Monday 6 February 2012

An aid worker films the rotting carcass of a cow


Picture author: Barry Malone
Picture date: July 23, 2011

An aid worker using an iPad captures an image of a dead cow’s decomposing carcass in Wajir near the Kenya-Somalia border on July 23. The Horn of Africa was plagued by drought, and especially since famine was declared in parts of Somalia, the international aid industry came to many refugee camps and remote hamlets in branded planes and snaking lines of white 4x4s.  Analysts say that humanitarian and diplomatic actions are necessary every time people go hungry in Africa. African and foreign governments rarely respond on time to coming catastrophes. Overgeneralised explanations of the causes of famine, and a growing band of aid critics say parts of Africa are doomed to a never-ending cycle of ignored early warnings, media appeals and emergency U.N. feeding - rather than a transition to lasting self-sufficiency.

African governments know that drought is coming, because it’s a cycle, and still they do not prepare. Foreign charities working there talk about long-term plans to help people become self-sufficient but they have been failing to achieve them for 20 years.
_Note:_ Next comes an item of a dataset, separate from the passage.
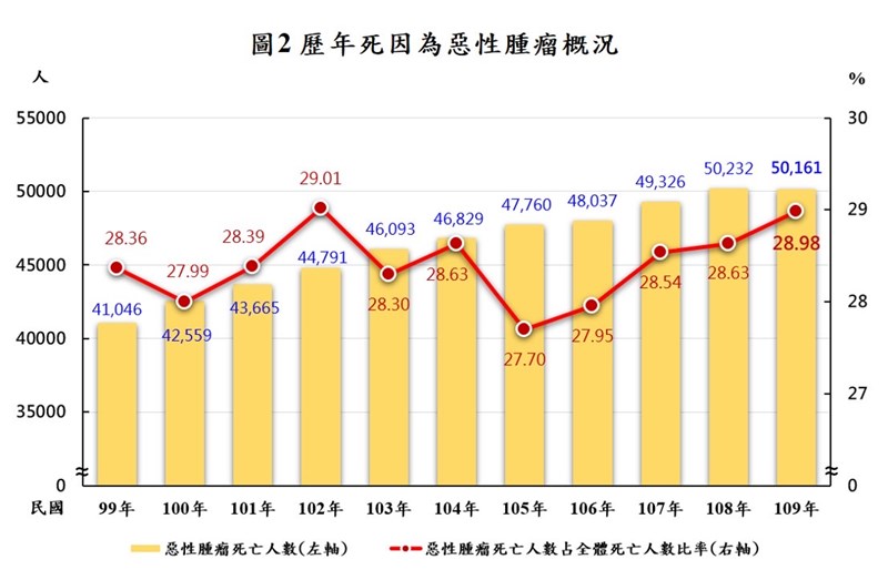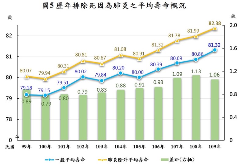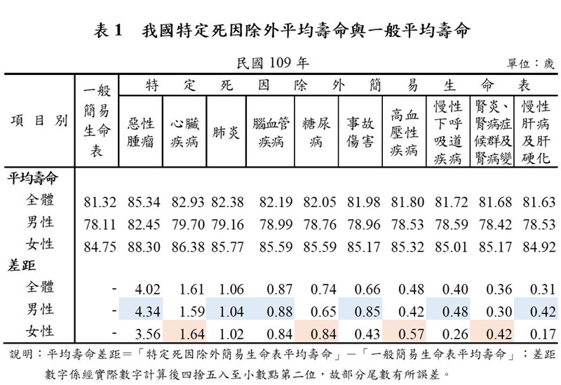 排除惡性腫瘤 去年平均壽命提高4.02歲 |2021.10.23 語音朗讀 1364觀看次 字級 大 中 小 歷年死因為惡性腫瘤概況。圖/內政部提供 【本報台北訊】內政部今日公布「2020年特定死因除外簡易生命表」,10大死因如排除居國人死因之首的惡性腫瘤,2020年國人平均壽命為85.34歲,較一般平均壽命81.32歲增加4.02歲,影響最大;排除居死因第2位的心臟疾病,平均壽命可增加1.61歲;排除居死因第3位的肺炎,平均壽命將增加1.06歲。內政部表示,為了解各類死因對國人平均壽命的影響程度,特別運用衛生福利部統計的2020年國人前10大死因死亡人數,編算我國各特定死因除外的國人平均壽命,並與一般國人平均壽命比較其差距,兩者間壽命差距愈大,代表該類死因減損壽命愈嚴重,對於國人平均壽命影響愈明顯。內政部指出,居10大死因首位的惡性腫瘤,其死亡人數已連續39年居國人死因首位,2020年死亡人數為5萬161人,且近4年來,其死亡人數占全體死亡人數的比率也在逐年攀升,皆在2成7以上。編算結果發現,排除特定死因為惡性腫瘤的平均壽命與一般平均壽命差距,近4年來呈緩增現象,值得重視。歷年排除死因為肺炎之平均壽命概況。圖/內政部提供另肺炎為國人10大死因第3位,死亡人數及其占全體死亡人數比率自2014年來首次呈現減少。經統計,排除死因為肺炎的平均壽命與一般平均壽命的差距,由2019年1.13歲略減為2020年1.06歲。內政部進一步表示,從性別觀察,各特定死因除外平均壽命與一般平均壽命的差距,男性高於女性的死因包括惡性腫瘤、肺炎、腦血管疾病、事故傷害、慢性下呼吸道疾病、慢性肝病及肝硬化;女性高於男性者包括心臟疾病、糖尿病、高血壓性疾病與腎炎、腎病症候群及腎病變,顯示各類死因對兩性平均壽命的影響程度有所不同。我國特定死因除外平均壽命與一般平均壽命。圖/內政部提供 前一篇文章 疫苗嚴重過敏反應 5大症狀一次看 下一篇文章 南迴「藍皮解憂號」今復駛 藍皮加海景好療癒 熱門新聞 01WTA、ATP年終賽 獎金創新高2025.11.0702健保補充保費變革 政院急踩煞車2025.11.0703補充纖維、鈣、鎂、鉀 預防多種疾病風險2025.11.1104再闖WTA年終賽 謝淑薇力拚第2冠2025.11.0705【寬鼎畫語】 看不見的真相2025.11.1006【詩】再現綠川2025.11.0707佛光山大學校長論壇 盼教育融入佛法2025.11.0808【樹博士系列】土壤的祕密XV 水稻田減排新觀念IV 土地的溫柔革命 雲林大埤寫益生菌奇蹟2025.11.0909佛光山深耕紐西蘭 毛利族傳統禮致謝2025.11.0710星雲大師全集【傳記】百年佛緣─生活篇 我的衣食住行 5-52025.11.07 訂閱電子報 台北市 天氣預報 台灣一週天氣預報 相關報導 迎銅鑼杭菊季暴雨襲蘇澳 千戶泡水成光復2.0154縣道榕樹藏危機 評估移樹鳳凰來襲 菜農搶收和時間賽跑芬普尼蛋場 食藥署:逐批查驗玉山觀高山屋 下月起收費

It is as much about politics and war and poor economic policies as it is about no rain. The author told this about his feeling regarding to taking the picture:

Part of me felt bad for publishing the photo of the man with the iPad. Because he was a good person doing his job. And because we are the same.
He comes with an iPad, I come with a notebook.
Both of us steal dignity and neither of us belong.